The main goal for the two-week session in Lima was relatively modest: Reach agreement on what information should go into the pledges that countries submit for a global climate pact expected to be adopted next year in Paris.
But even that became complicated as several developing nations rejected a draft decision they said blurred the distinction between what rich and poor countries can be expected to do.
“We have deadlock,” Chinese negotiator Liu Zhenmin told the conference, siding with Malaysiaand other developing countries that rejected the draft.
U.S. representative Todd Stern said he was open to tweaking the language, but warned against lengthy negotiations, noting that the conference had already passed its scheduled Friday close.

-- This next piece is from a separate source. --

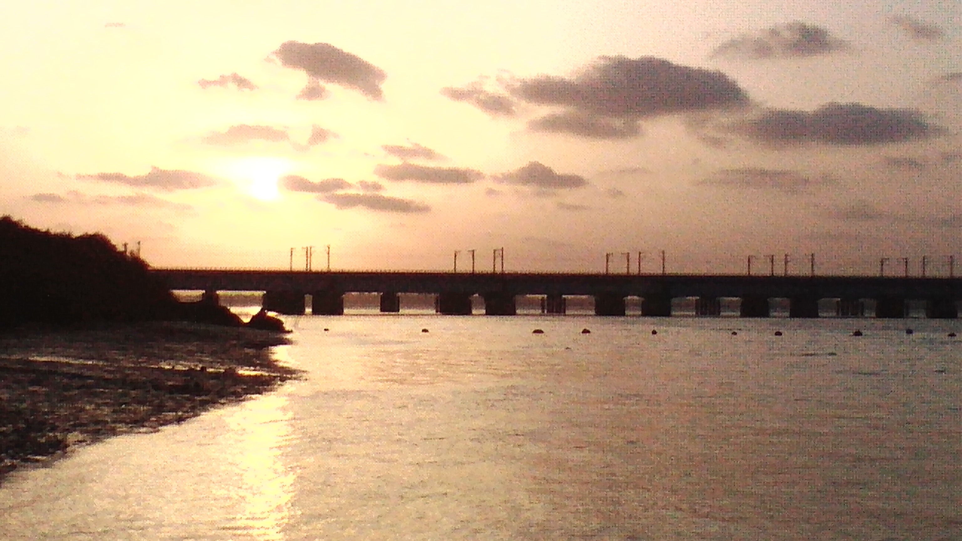 Sunset View at Jesal Park Chowapatty, Bhayandar (East)

“Failing to produce the decision before us will be seen as a serious breakdown,” which could put the Paris agreement and the entire U.N. process at risk, Stern said.
The momentum from last month’s joint U.S.-China deal on emissions targets faded quickly in Lima as rifts reopened over who should do what to fight global warming.
Developed countries want the pledges to focus on emissions cuts, while developing nations also want to see commitments of financial support. Some small island states at risk of being flooded by rising seas also complained the draft made no mention of a “loss and damage” mechanism agreed upon in last year’s talks in Poland.
“We need a permanent arrangement to help the poorest of the world,” said Ian Fry, negotiator for the Pacific Island nation of Tuvalu.
Meanwhile, top carbon polluter China and other major developing countries opposed plans for a review process that would allow the pledges to be compared against one another before Paris.
Though negotiating tactics always play a role, virtually all disputes in the U.N. talks reflect the wider issue of how to divide the burden of fixing the planetary warming that scientists say results from human activity, primarily the burning of oil, coal and natural gas.